Be wary of the Google command set and the old adage of “Garbage in / Garbage out” as this seems very true of models.
I was using the Linto HMG with the “Visualise” key word from the Google Command set ver 2.0.
The GUI is just a handy tool as it shows false positives/negatives with an easy button to play and this led me to realise how bad many of the samples are in the Google Command set.
Just really simple stuff of badly cut words, very bad recordings or pronunciation which I had presumed would of already been trimmed from the dataset.
Not so approx 10% is bad and if you take the time running and deleting bad your overall accuracy will sky rocket.
Add a few of your own recording, pitch shift slightly, trim and normalise with a touch of variation and add background noise will create a qty that will also greatly increase accuracy.
Using a distinct 3 phoneme word ‘visualise’ helps much but doesn’t have a snappy name like Marvin.
The ESP-32 does have a AMR-WB encoder or WAV but quite a choice of decoders.
I really like what Atomic has done as if you could include the keyword hit score in the audio stream you could broadcast from keyword hit to silence and use the hit score metadata to pick the best mic signal from an array of mics that is far better than just an RMS target.
The $5 ESP32 are exceptionally cheap don’t need an SD card to program and also do models with a U.FL antenna connector that can greatly help with signal level of on board types.
There is no far field if you can cheaply place a distributed array which is an extremely beneficial option whilst we still have lack of Linux opensource beamforming.
Picking the nearest mic on the strongest keyword hit doesn’t need any fancy algs.
The raspberry Pi is the same and for audio in you can just wire up 2x I2s mics very simply to gpio but the esp32 wrover is actually much cheaper than a Pi0
Just one update.
I did have it compiled in windows visual code+platformio installation with the latest code atomic14 made available.
One blocking point was also the mic interference i was getting cause i ran the wires bellow the board.

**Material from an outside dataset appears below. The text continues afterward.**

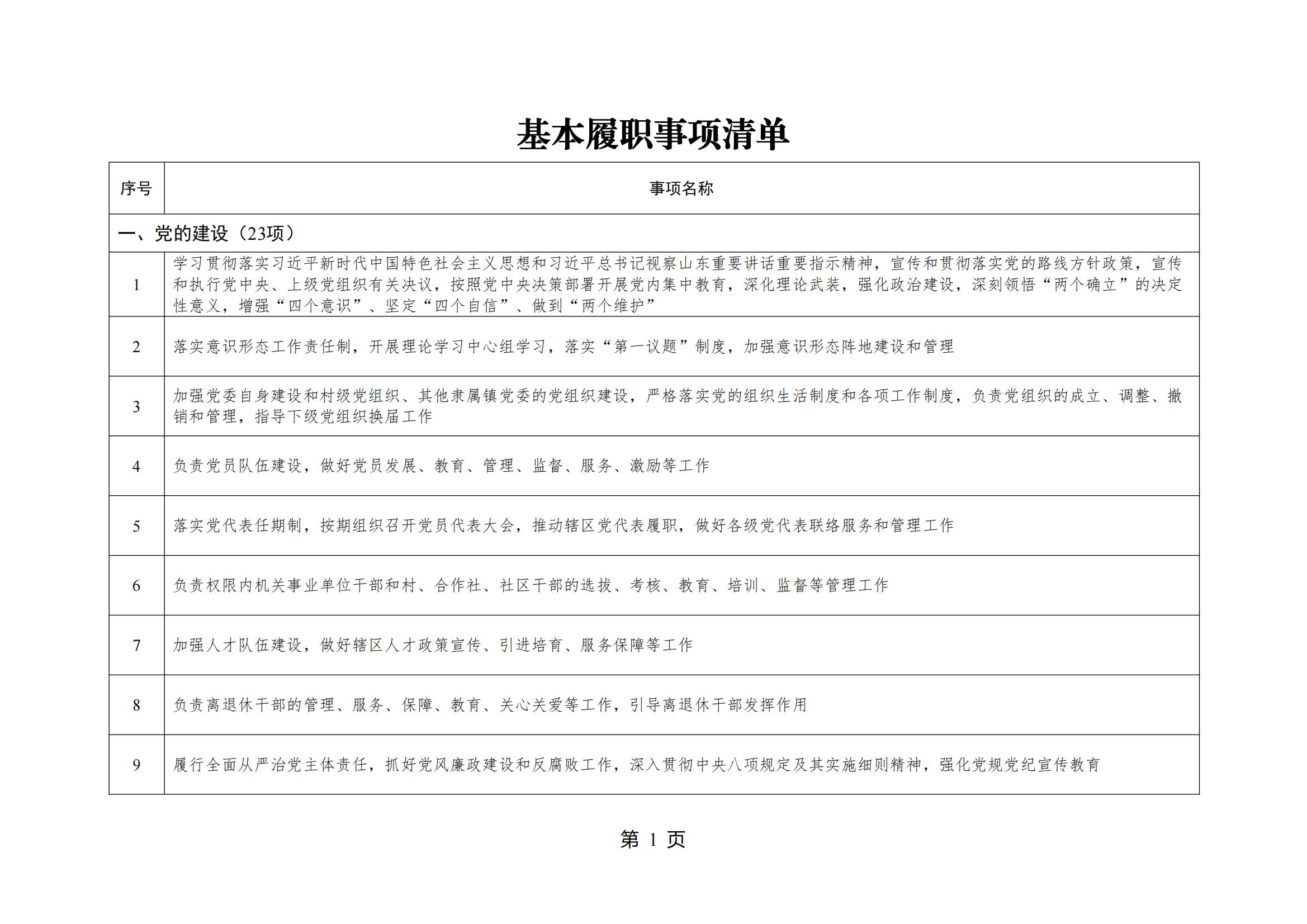 履行职责事项清单

It was picking up the wifi radio interference. After i changed that the wake word detection rate increased a lot.
Also wired the output board (MAX98357) to the speaker. It works great.

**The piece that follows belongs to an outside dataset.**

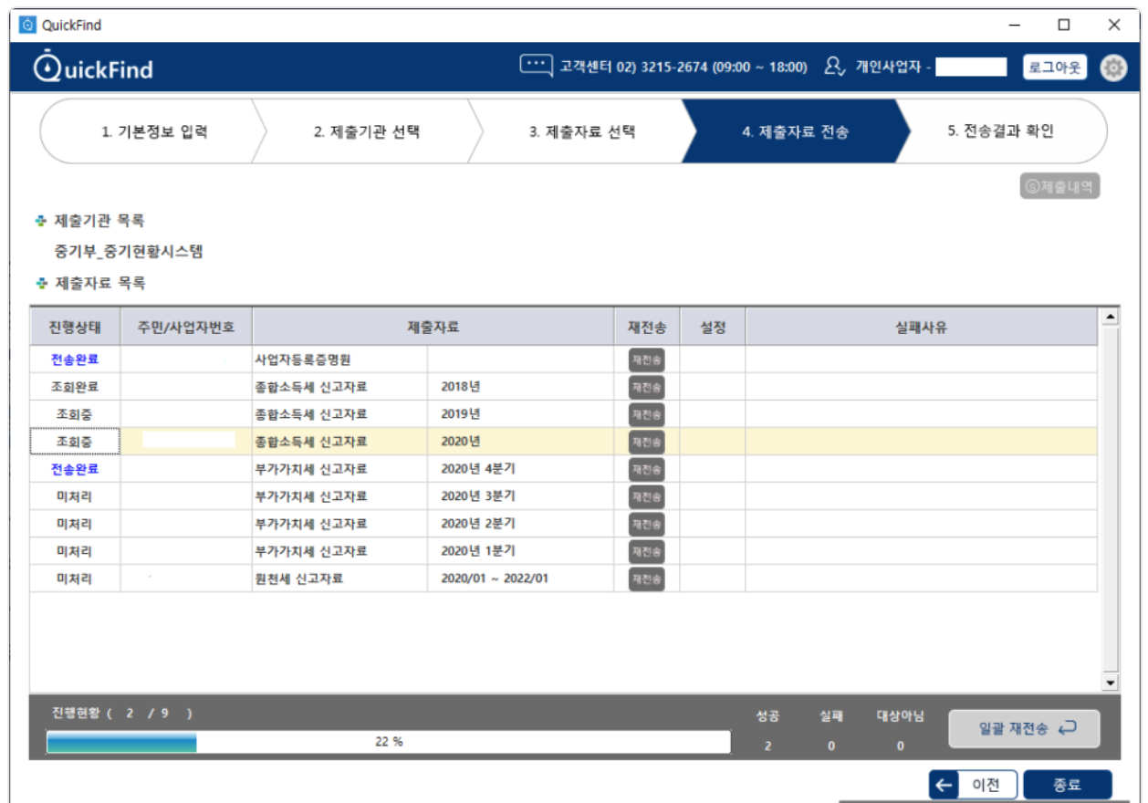 9)제출자료 전송(소요시간 10분)이 되며 완료가 되면 종료버튼을 클릭

Not derailing the thread. I did think of that option, but after watching the video i shared, i loved the way it was laid off and explained and just for that it made my day!
I’ll stick down this path till the end. The solution you pointed can be another project or branch as there are many branches in the rhasspy project.
Although i see that having ie 5 satellites streaming all the time to the rhasspy could have a impact on functionality and make it not work.
The wake word detection on the ESP32 is the way i want to go.(Done!)
Passing the audio stream to rhasspy is the next step.
Keeping traffic low and under control makes a tidy network
(I see what the reader is thinking, yes we can implement VLANS…)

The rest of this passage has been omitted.